*Problem statement*.
In this exercise, print only the lines of the records below from the one with "Geometría ventricular: La" through the one with "学びながら資格取得を目指すか、自分で計画立てて進めていくか。", inclusive. Pictures are not part of the copy.

*Task material*.

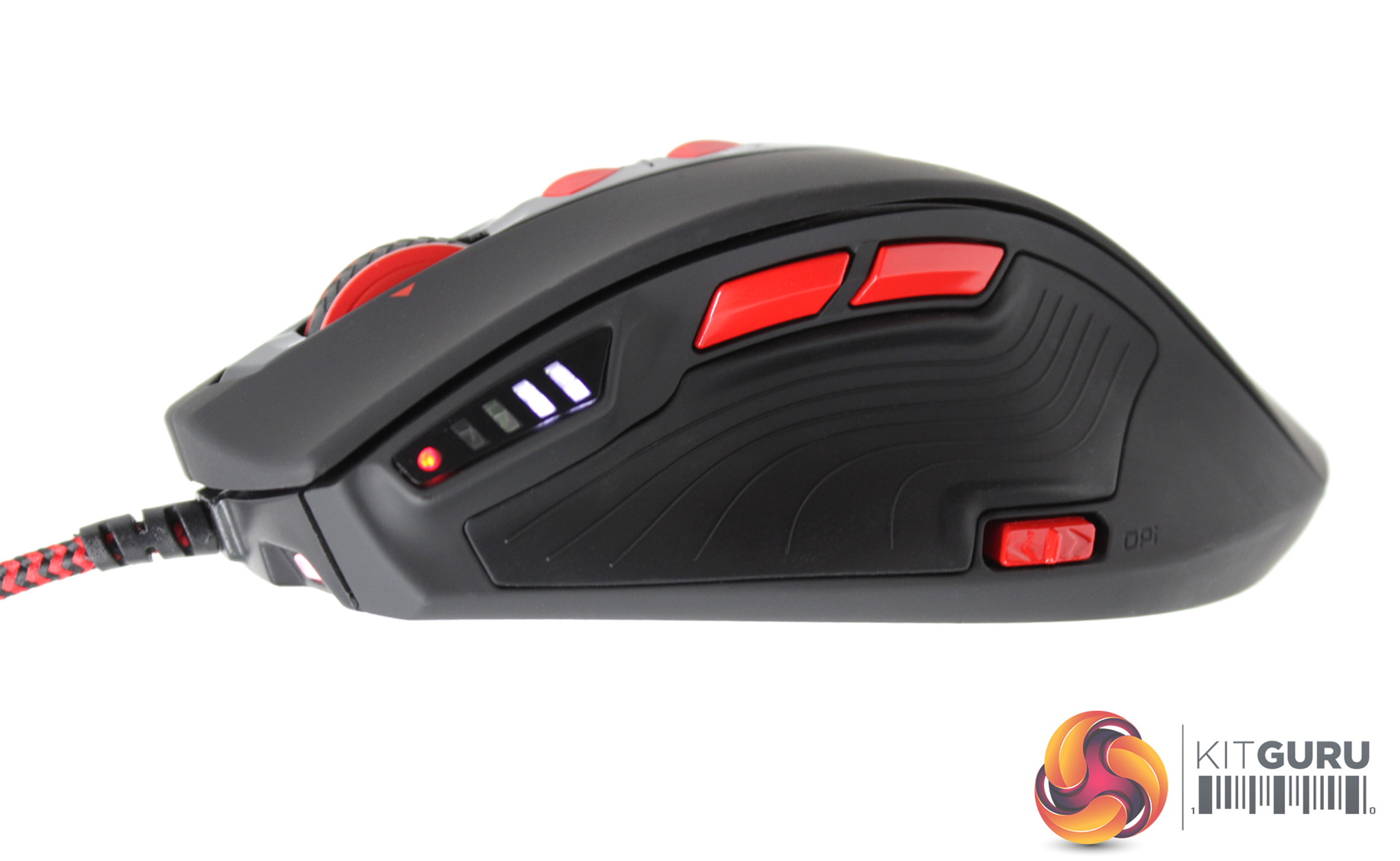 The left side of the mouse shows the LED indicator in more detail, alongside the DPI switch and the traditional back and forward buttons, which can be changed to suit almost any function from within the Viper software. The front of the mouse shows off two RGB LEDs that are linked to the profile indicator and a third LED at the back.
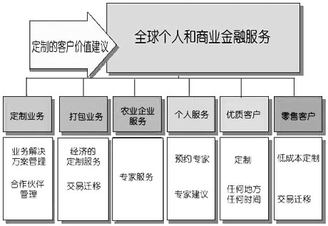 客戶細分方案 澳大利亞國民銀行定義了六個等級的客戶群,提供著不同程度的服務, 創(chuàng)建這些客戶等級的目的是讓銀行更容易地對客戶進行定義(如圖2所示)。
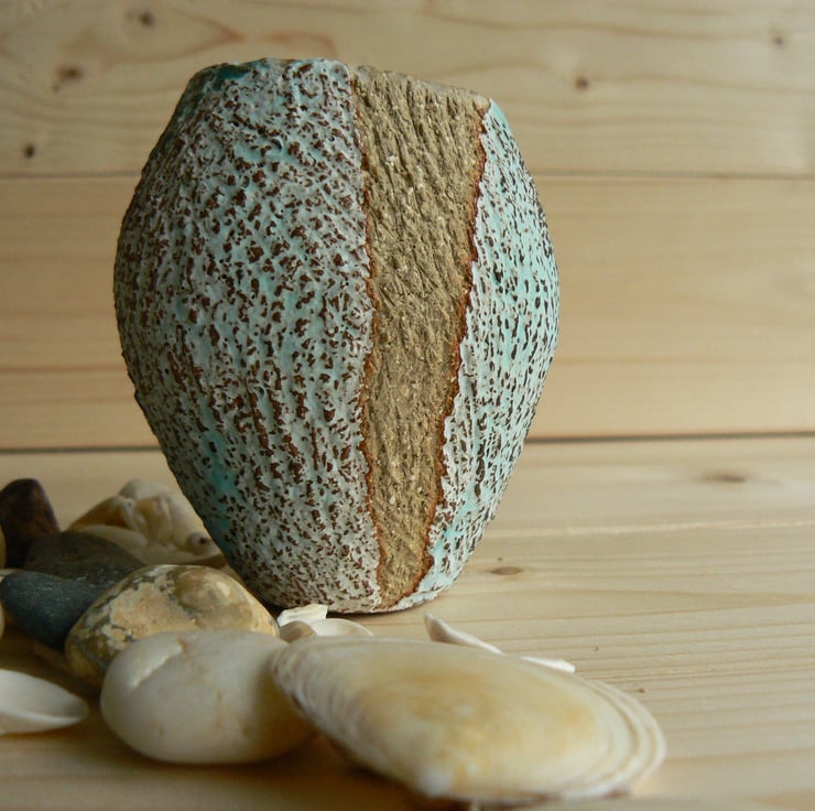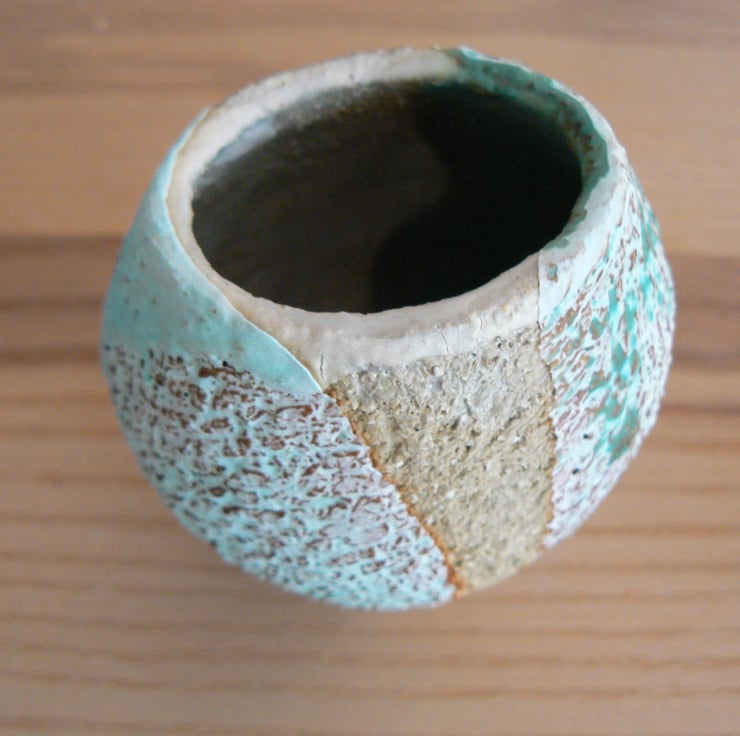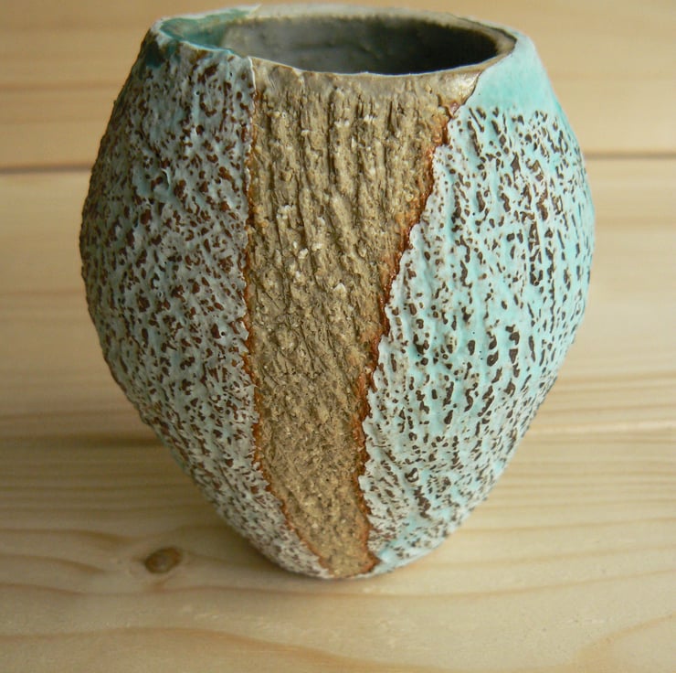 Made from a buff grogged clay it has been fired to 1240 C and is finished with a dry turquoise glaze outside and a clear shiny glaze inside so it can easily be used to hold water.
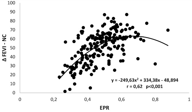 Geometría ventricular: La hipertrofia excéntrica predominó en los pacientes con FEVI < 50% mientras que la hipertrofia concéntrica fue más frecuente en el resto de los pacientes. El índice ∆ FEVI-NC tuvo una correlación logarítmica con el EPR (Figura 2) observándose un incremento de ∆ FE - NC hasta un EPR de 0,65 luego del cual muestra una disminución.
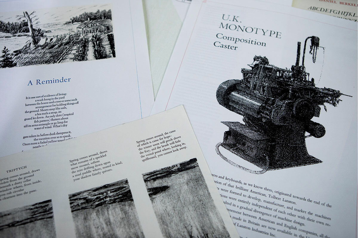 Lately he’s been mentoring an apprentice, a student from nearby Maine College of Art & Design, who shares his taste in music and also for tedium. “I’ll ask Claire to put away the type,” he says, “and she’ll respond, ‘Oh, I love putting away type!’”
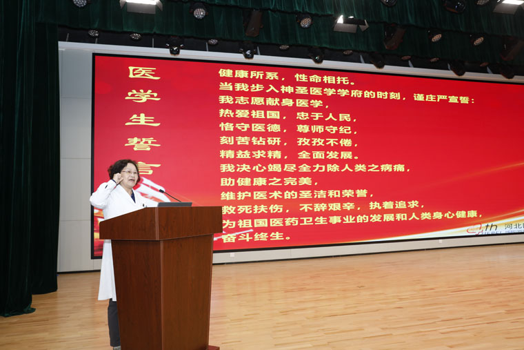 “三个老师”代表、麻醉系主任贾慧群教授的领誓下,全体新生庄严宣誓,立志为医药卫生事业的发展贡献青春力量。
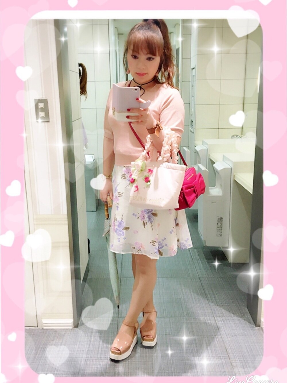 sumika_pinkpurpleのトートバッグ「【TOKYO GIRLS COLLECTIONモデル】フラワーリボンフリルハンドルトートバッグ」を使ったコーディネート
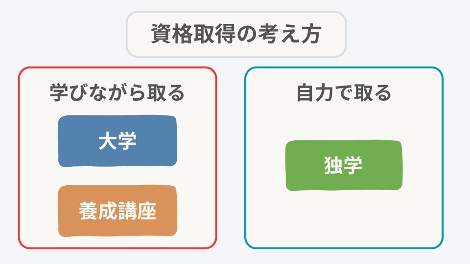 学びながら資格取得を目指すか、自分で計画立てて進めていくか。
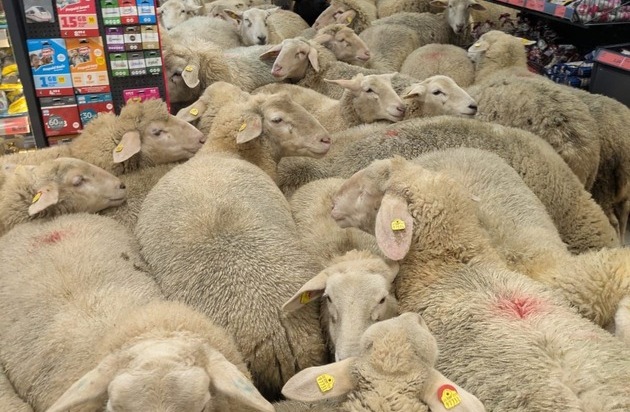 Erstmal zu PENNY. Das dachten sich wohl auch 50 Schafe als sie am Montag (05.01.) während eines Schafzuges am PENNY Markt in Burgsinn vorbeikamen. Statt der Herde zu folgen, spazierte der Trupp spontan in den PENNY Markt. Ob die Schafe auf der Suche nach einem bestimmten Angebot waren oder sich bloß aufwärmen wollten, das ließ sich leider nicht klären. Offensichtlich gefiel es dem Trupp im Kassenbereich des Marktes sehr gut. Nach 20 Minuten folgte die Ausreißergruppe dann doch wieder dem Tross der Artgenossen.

*Result of this exercise*.
 Geometría ventricular: La hipertrofia excéntrica predominó en los pacientes con FEVI < 50% mientras que la hipertrofia concéntrica fue más frecuente en el resto de los pacientes. El índice ∆ FEVI-NC tuvo una correlación logarítmica con el EPR (Figura 2) observándose un incremento de ∆ FE - NC hasta un EPR de 0,65 luego del cual muestra una disminución.
 Lately he’s been mentoring an apprentice, a student from nearby Maine College of Art & Design, who shares his taste in music and also for tedium. “I’ll ask Claire to put away the type,” he says, “and she’ll respond, ‘Oh, I love putting away type!’”
 “三个老师”代表、麻醉系主任贾慧群教授的领誓下,全体新生庄严宣誓,立志为医药卫生事业的发展贡献青春力量。
 sumika_pinkpurpleのトートバッグ「【TOKYO GIRLS COLLECTIONモデル】フラワーリボンフリルハンドルトートバッグ」を使ったコーディネート
 学びながら資格取得を目指すか、自分で計画立てて進めていくか。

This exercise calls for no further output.